------ Given data
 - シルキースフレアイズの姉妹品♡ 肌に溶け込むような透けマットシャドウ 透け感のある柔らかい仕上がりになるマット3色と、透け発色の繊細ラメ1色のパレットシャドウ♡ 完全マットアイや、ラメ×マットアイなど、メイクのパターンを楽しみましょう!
------------
------ Given data
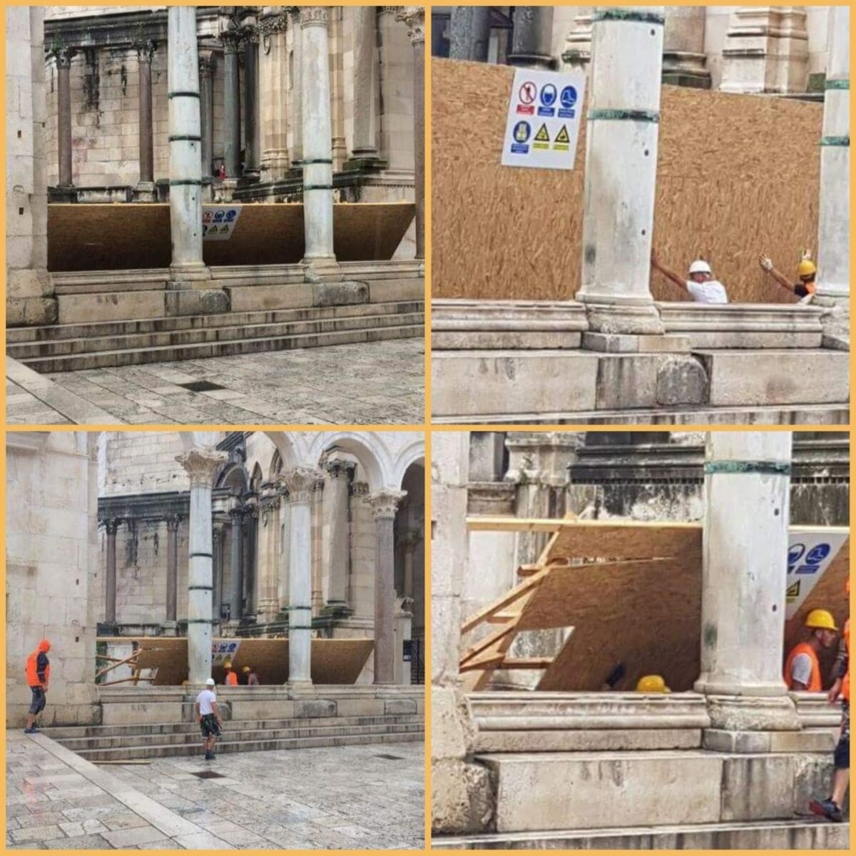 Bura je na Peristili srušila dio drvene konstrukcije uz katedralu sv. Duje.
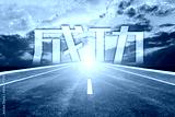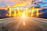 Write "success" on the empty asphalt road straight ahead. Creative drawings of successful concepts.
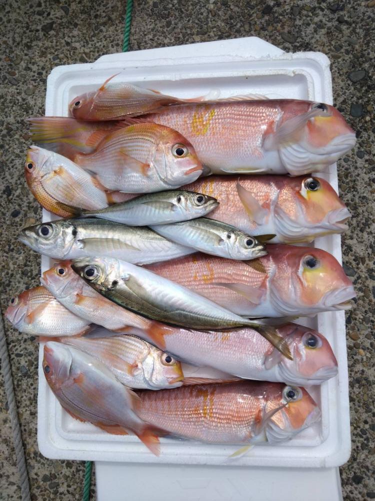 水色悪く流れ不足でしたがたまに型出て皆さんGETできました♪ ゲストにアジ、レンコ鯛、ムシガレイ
------------
### [Aim of the exercise]
Copy word for word only the lines above from the one with "of successful concepts." through the one with "水色悪く流れ不足でしたがたま". Leave pictures out.

### [Exercise result]
 Write "success" on the empty asphalt road straight ahead. Creative drawings of successful concepts.
 水色悪く流れ不足でしたがたまに型出て皆さんGETできました♪ ゲストにアジ、レンコ鯛、ムシガレイ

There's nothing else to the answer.